WIDTH_BUCKET
Constructs equiwidth histograms, in which the histogram range is divided into intervals (buckets) of identical sizes. In addition, values below the low bucket return 0, and values above the high bucket return bucket-count
+1. Returns an integer value.
Behavior type
ImmutableSyntax
WIDTH_BUCKET ( expression, hist-min, hist-max, bucket-count )
Arguments
expression
- The expression for which the histogram is created. This expression must resolve to a numeric or datetime value or a value that can be implicitly converted to a numeric or datetime value. If *
expression
*evaluates to null, then the *expression
*returns null. hist-min
- Resolves to the low boundary of
bucket-count
, a non-null numeric or datetime value. hist-max
- Resolves to the high boundary of
bucket-count
, a non-null numeric or datetime value. bucket-count
- Resolves to an INTEGER constant that indicates the number of buckets.
Notes
-
WIDTH_BUCKET divides a data set into buckets of equal width. For example, Age = 0–20, 20–40, 40–60, 60–80. This is known as an equiwidth histogram.
-
When using WIDTH_BUCKET pay attention to the minimum and maximum boundary values.

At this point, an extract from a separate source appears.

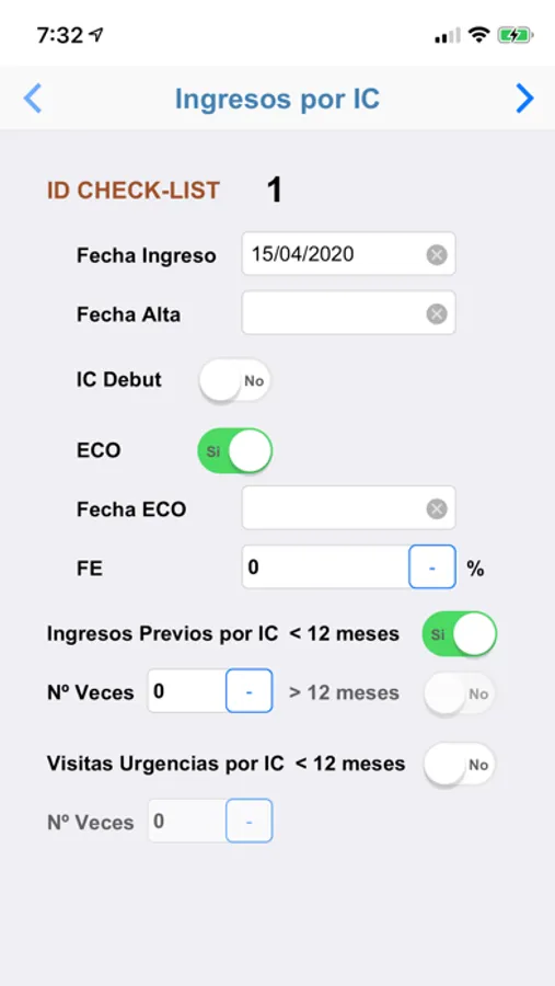 Contiene tanto el checklist reducido, como el completo (este último para ingreso, alta y postalta).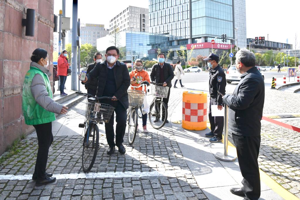 出示手机上的“随申码·健康”绿码,经我校研发的疫情防控智能识别系统自动测温、智能识别,刷校园一卡通进校,在行政楼内作登记……自4月1日起,学校机关部处全体教职工(除身在湖北的部分教职工外)返校返岗,恢复上下班制度。

Each bucket contains values equal to or greater than the base value of that bucket, so that age ranges of 0–20, 20–40, and so on, are actually 0–19.99 and 20–39.999.
-
WIDTH_BUCKET accepts the following data types: (FLOAT and/or INTEGER), (TIMESTAMP and/or DATE and/or TIMESTAMPTZ), or (INTERVAL and/or TIME).
Examples
The following example returns five possible values and has three buckets: 0 [Up to 100), 1 [100–300), 2 [300–500), 3 [500–700), and 4 [700 and up):
SELECT product_description, product_cost, WIDTH_BUCKET(product_cost, 100, 700, 3);
The following example creates a nine-bucket histogram on the annual_income column for customers in Connecticut who are female doctors. The results return the bucket number to an Income
column, divided into eleven buckets, including an underflow and an overflow. Note that if customers had annual incomes greater than the maximum value, they would be assigned to an overflow bucket, 10:
SELECT customer_name, annual_income, WIDTH_BUCKET (annual_income, 100000, 1000000, 9) AS "Income"
FROM public.customer_dimension WHERE customer_state='CT'
AND title='Dr.' AND customer_gender='Female' AND household_id < '1000'
ORDER BY "Income";
In the following result set, the reason there is a bucket 0 is because buckets are numbered from 1 to bucket_count
. Anything less than the given value of hist_min
goes in bucket 0, and anything greater than the given value of hist_max
goes in the bucket bucket_count+1
. In this example, bucket 9 is empty, and there is no overflow. The value 12,283 is less than 100,000, so it goes into the underflow bucket.
customer_name | annual_income | Income
--------------------+---------------+--------
Joanna A. Nguyen | 12283 | 0
Amy I. Nguyen | 109806 | 1
Juanita L. Taylor | 219002 | 2
Carla E. Brown | 240872 | 2
Kim U. Overstreet | 284011 | 2
Tiffany N. Reyes | 323213 | 3
Rebecca V. Martin | 324493 | 3
Betty . Roy | 476055 | 4
Midori B. Young | 462587 | 4
Martha T. Brown | 687810 | 6
Julie D. Miller | 616509 | 6
Julie Y. Nielson | 894910 | 8
Sarah B. Weaver | 896260 | 8
Jessica C. Nielson | 861066 | 8
(14 rows)